Content starts
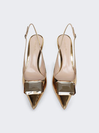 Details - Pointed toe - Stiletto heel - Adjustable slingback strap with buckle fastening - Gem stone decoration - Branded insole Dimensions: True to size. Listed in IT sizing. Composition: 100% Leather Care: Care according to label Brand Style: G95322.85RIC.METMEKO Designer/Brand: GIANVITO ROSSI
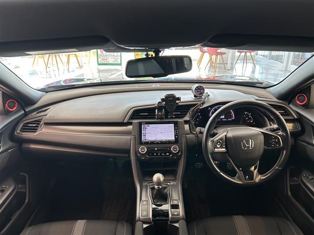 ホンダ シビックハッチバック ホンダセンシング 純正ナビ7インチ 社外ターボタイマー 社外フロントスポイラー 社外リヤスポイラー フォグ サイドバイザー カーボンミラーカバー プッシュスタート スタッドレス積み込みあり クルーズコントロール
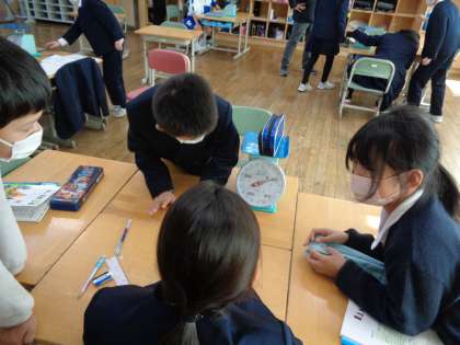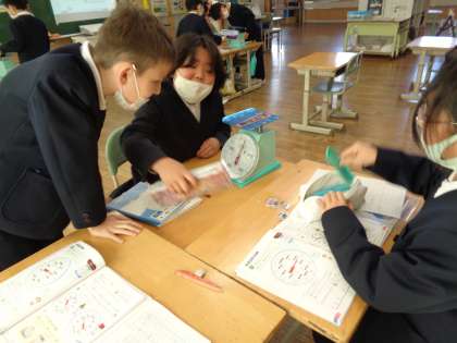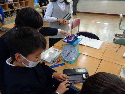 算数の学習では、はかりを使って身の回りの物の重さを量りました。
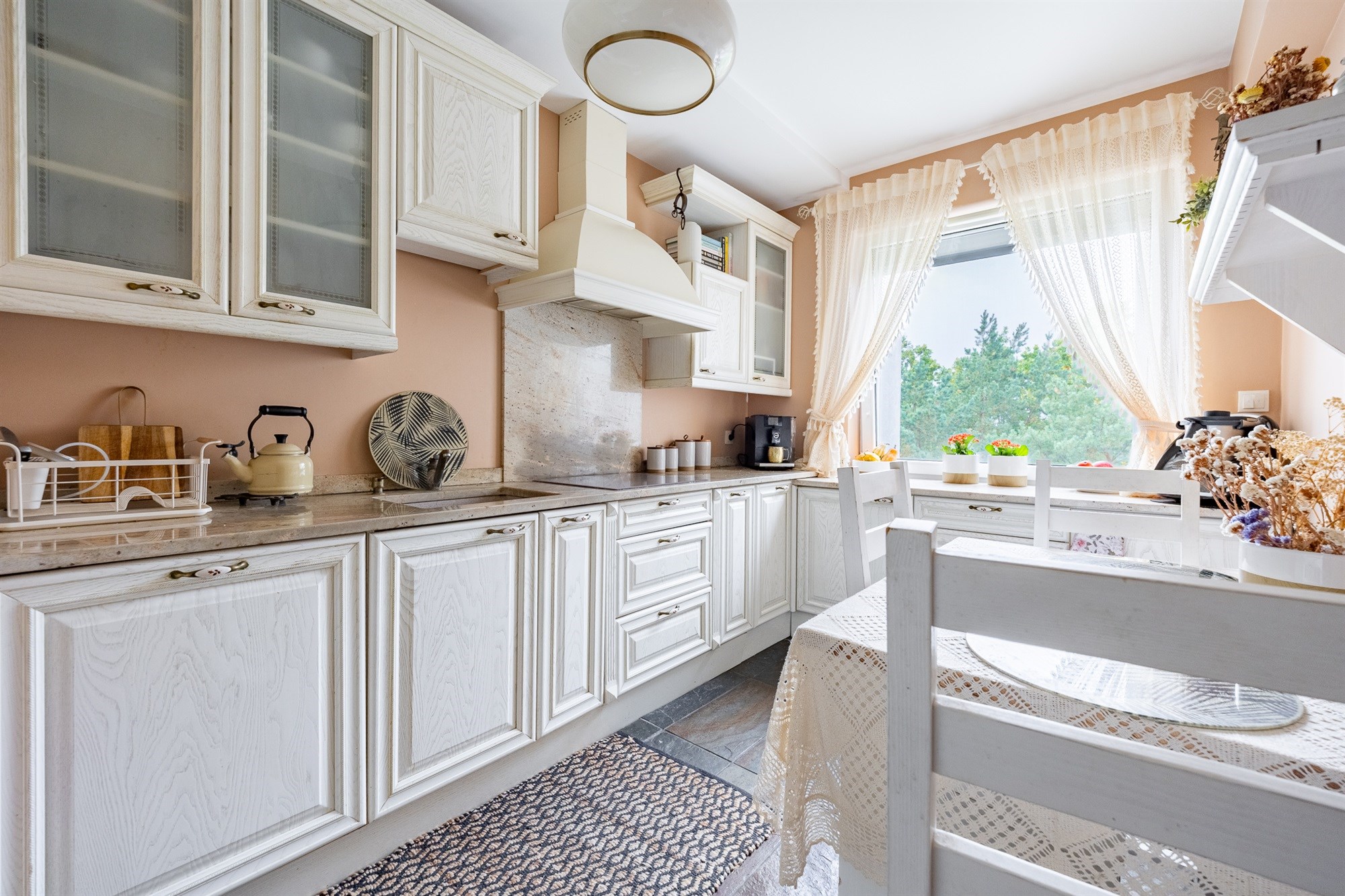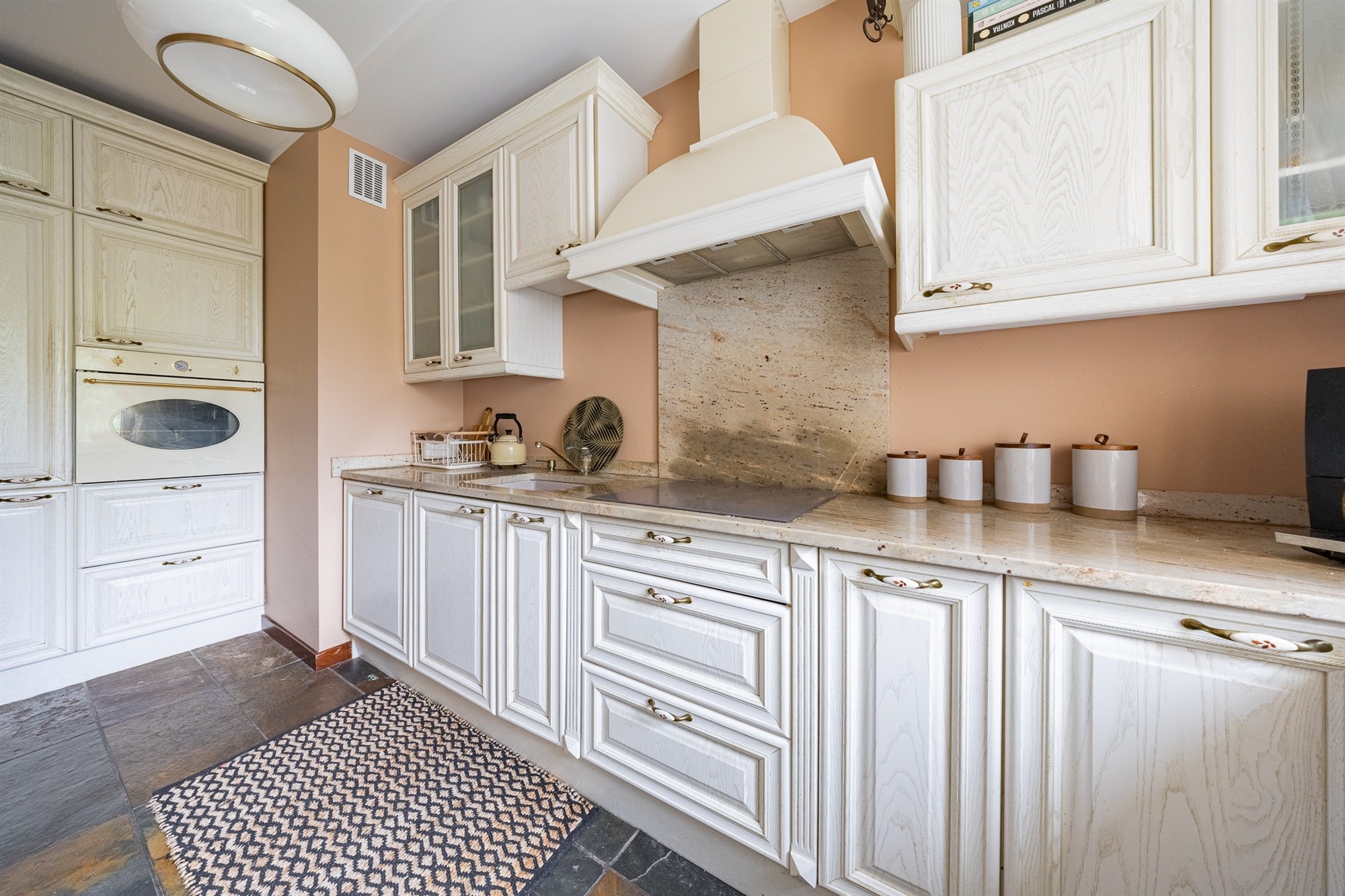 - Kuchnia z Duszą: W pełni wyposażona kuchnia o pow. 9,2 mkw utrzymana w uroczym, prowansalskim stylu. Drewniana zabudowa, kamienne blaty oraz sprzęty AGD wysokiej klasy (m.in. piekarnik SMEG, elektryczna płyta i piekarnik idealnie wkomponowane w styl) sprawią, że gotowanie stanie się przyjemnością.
Content ends
[TASK DESCRIPTION]
Copy the data above line for line, skipping every picture.

[TASK ANSWER]
 Details - Pointed toe - Stiletto heel - Adjustable slingback strap with buckle fastening - Gem stone decoration - Branded insole Dimensions: True to size. Listed in IT sizing. Composition: 100% Leather Care: Care according to label Brand Style: G95322.85RIC.METMEKO Designer/Brand: GIANVITO ROSSI
 ホンダ シビックハッチバック ホンダセンシング 純正ナビ7インチ 社外ターボタイマー 社外フロントスポイラー 社外リヤスポイラー フォグ サイドバイザー カーボンミラーカバー プッシュスタート スタッドレス積み込みあり クルーズコントロール
 算数の学習では、はかりを使って身の回りの物の重さを量りました。
 - Kuchnia z Duszą: W pełni wyposażona kuchnia o pow. 9,2 mkw utrzymana w uroczym, prowansalskim stylu. Drewniana zabudowa, kamienne blaty oraz sprzęty AGD wysokiej klasy (m.in. piekarnik SMEG, elektryczna płyta i piekarnik idealnie wkomponowane w styl) sprawią, że gotowanie stanie się przyjemnością.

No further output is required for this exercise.